Cells of the zone grid.

Two things here. 1) if your max bbox ‘radius’ is 100 then +/-200 is a lot bigger than you require… but no big deal. Your grid size is pretty huge anyway.

because if the huge size of your grid, 16 bits is probably not enough to accurately represent position. At least not down to sub-millimeter. I guess you get 7 cm accuracy. (5000 / 2^16)

zissis · May 3, 2016, 12:05am

my smallest spatial radius is .001 units and largest spatial radius is about 100 units … camera near frustum is .01 so with interpolation in place and the fact that ships don’t just wiz by since it’s a true scale space game, 16 bits is actually to much but going down to 7 bits is a negligible bandwidth difference.

Speaking of bandwidth, I did a test with 250 entities in a scene … first with all of them moving and rotating and then with all of them standing still and the bandwidth between both is not much different. I would have expected a huge drop if they are standing still.

pspeed · May 3, 2016, 12:09am

Not sure why it didn’t drop off or how you measured it. Note that messages will go out periodically regardless of size.
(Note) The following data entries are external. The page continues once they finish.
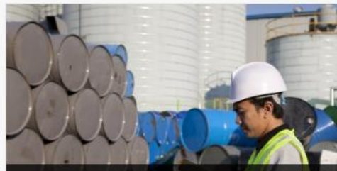
ใบแจ้งปริมาณการผลิตวัตถุอันตราย ชนิดที่ 2 และ ชนิดที่ 3
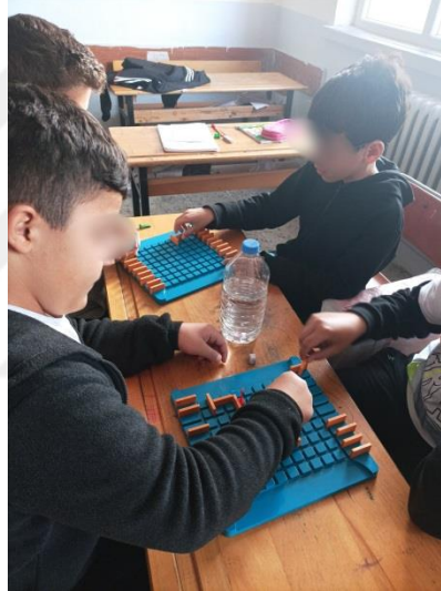
Şekil 3.9. Deney grubu öğrencileri koridor oyunu oynaması

taşları koyacaktır. Sırası gelen oyuncu isterse piyonunu hareket ettirir isterse de engel koyar. Piyonlar her hareketinde sadece bir kare olacak şekilde ileri, geri, sağa ve sola hamle yapabilmektedir. Piyonlar çapraz hareket edemez ve engellerin üstünden atlayamaz. Oyuncular rakiplerine engel koyarken muhakkak ilerleyecek bir yol seçeneği bırakmak zorunda olduğunu unutmamalıdır. Koridor oyunu daha önceden oynadıkları bir oyundur. Öğrenciler bildiklerini söylemişlerdir. Böylece ders saati içinde tekrar tekrar oynanan bir oyun olmuştur. Öğrenciler arasında rakip değişimleri de yapılmıştır. Bu oyunumuzda dijital tehlikeler konusunun “zararlı yazılımları kavrar.” ve “güvenlik yazılımlarının kullanım amaçlarını açıklar.” olmak üzere iki adet kazanım gerçekleştirilmiştir. Oyunda güvenli yollar oluşturması güvenlik yazılımı ile tehlikelere karşı duvarlar koyası ise zararlı yazılımlar eşleştirilerek kavramlar öğrencilere aktarılmıştır.
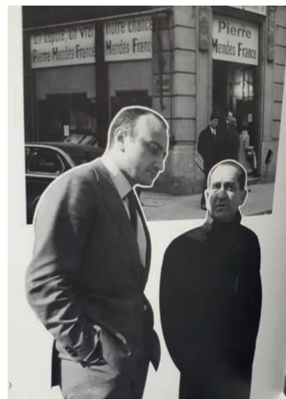
Grenoble 1967 - Plon, 1992
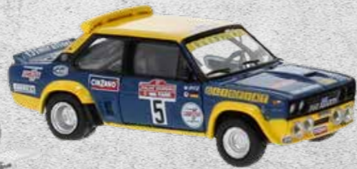
◀ Fiat 131 Abarth "Olio Fiat" von Walter Röhrl, San Remo, 1977 Nr. v 22658 21.95 €
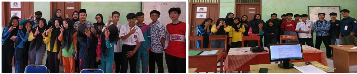
Gambar 2.8 Pendampingan KBM di SDN 10 Teluk Pandan dan SMK I Sunan Muria
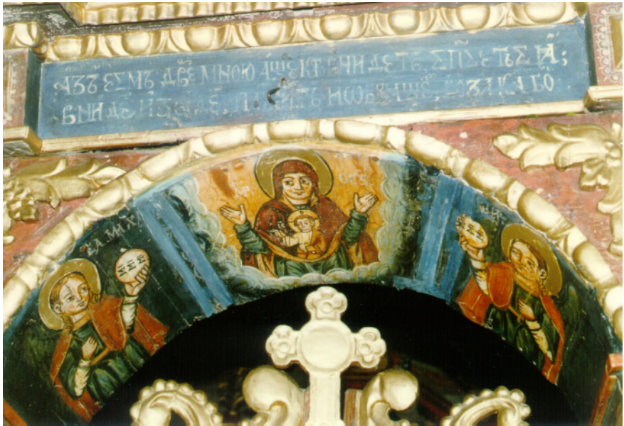
XXX. Bohorodička Bohovtelenie s archanjelmi. Koniec 17. stor. Oblúk nad Kráľovskými dverami drevenej Cerkvi Stretnutia Pána so Simeonom, Kožany.
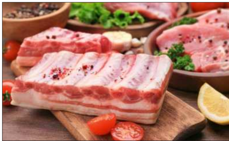
▲ Planta procesadora de Kekén ubicada en Tixpéual recibe certificación FSSC 22000, máxima norma en seguridad alimentaria.

Se añadió que estos procesos promueven estándares de confiabilidad para la atracción de más clientes en Yucatán, otros estados, así como nuevos mercados en el extranjero, propiciando a la par nuevas fuentes de empleos directos e indirectos a través de la proveeduría local y nacional en determinados servicios.
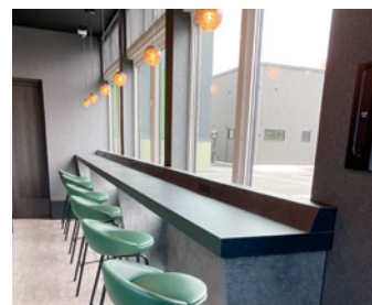
③ 待合室カウンター (コンセント、USBあり)

zissis · May 3, 2016, 12:20am

1000 entities stationary = 1.6 megabits/second
1000 entities all moving and rotating = 2.1 megabits/second

I would have expected that you send almost no data for stationary entities.
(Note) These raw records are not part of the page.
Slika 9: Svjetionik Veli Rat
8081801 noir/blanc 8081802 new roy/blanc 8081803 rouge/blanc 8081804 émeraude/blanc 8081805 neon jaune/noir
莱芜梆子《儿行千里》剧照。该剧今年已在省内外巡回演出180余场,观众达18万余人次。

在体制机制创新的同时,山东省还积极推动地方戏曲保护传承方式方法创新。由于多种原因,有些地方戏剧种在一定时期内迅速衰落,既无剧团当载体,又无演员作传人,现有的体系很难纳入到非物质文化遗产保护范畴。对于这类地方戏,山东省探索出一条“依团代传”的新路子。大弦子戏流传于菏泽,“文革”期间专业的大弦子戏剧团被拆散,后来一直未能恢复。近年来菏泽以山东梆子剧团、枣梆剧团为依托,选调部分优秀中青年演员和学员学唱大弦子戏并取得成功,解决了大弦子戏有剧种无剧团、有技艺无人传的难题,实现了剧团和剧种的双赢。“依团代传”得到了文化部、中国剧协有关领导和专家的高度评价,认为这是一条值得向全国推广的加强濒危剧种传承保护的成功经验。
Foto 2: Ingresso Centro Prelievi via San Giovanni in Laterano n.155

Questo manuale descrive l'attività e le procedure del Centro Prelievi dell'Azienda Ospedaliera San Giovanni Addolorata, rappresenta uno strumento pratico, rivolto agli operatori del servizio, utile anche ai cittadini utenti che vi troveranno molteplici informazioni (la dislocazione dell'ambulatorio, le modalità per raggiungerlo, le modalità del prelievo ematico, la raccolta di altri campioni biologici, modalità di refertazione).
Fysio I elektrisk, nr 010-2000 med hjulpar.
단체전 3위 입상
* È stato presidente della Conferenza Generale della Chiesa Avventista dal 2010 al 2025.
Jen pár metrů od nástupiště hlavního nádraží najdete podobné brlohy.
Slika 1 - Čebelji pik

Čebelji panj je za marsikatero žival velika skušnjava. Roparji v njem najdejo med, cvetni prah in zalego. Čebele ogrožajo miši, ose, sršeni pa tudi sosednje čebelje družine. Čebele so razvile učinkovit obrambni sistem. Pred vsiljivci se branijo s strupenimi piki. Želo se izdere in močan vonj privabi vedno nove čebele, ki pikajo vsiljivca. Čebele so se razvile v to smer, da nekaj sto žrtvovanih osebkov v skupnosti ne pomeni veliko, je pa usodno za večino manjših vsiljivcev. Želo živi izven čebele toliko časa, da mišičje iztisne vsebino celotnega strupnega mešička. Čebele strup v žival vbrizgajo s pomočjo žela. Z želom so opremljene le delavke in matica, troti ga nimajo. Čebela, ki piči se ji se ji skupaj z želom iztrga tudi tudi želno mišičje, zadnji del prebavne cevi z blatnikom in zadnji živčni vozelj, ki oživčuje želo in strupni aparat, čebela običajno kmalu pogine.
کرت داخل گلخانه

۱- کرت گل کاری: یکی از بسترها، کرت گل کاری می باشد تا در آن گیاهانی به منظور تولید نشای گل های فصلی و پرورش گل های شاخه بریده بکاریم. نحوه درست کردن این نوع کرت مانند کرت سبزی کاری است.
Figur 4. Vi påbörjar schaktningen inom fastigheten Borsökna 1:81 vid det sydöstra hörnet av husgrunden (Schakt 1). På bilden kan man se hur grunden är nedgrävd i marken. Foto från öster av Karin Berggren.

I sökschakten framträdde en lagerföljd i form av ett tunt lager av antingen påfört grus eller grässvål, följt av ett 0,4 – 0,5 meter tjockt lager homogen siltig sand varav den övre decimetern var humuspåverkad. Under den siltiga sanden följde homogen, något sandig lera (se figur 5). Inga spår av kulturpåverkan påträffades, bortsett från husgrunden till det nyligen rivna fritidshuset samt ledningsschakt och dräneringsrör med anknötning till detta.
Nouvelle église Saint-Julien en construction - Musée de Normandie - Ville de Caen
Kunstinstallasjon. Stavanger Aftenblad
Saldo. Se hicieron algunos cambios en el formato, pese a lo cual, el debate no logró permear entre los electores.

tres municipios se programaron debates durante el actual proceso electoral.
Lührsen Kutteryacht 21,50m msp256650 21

pspeed · May 3, 2016, 1:27am

the two IDs and a few bits to signify nothing else is coming.

I think there is a reason I have to send some message even for no change but I don’t remember what it is. However, no parent, position, or rotation will be sent in that case.

Edit: and I also would have expected the different to be much greater.

Edit 2: I can’t make the numbers work either way… how many frames per second are you calling beginUpdate/endUpdate on the server?

zissis · May 3, 2016, 2:09am

250 entities all moving and rotating send on each physics tick (60 ticks per second)

250 entities stationary send on each physics tick (60 ticks per second)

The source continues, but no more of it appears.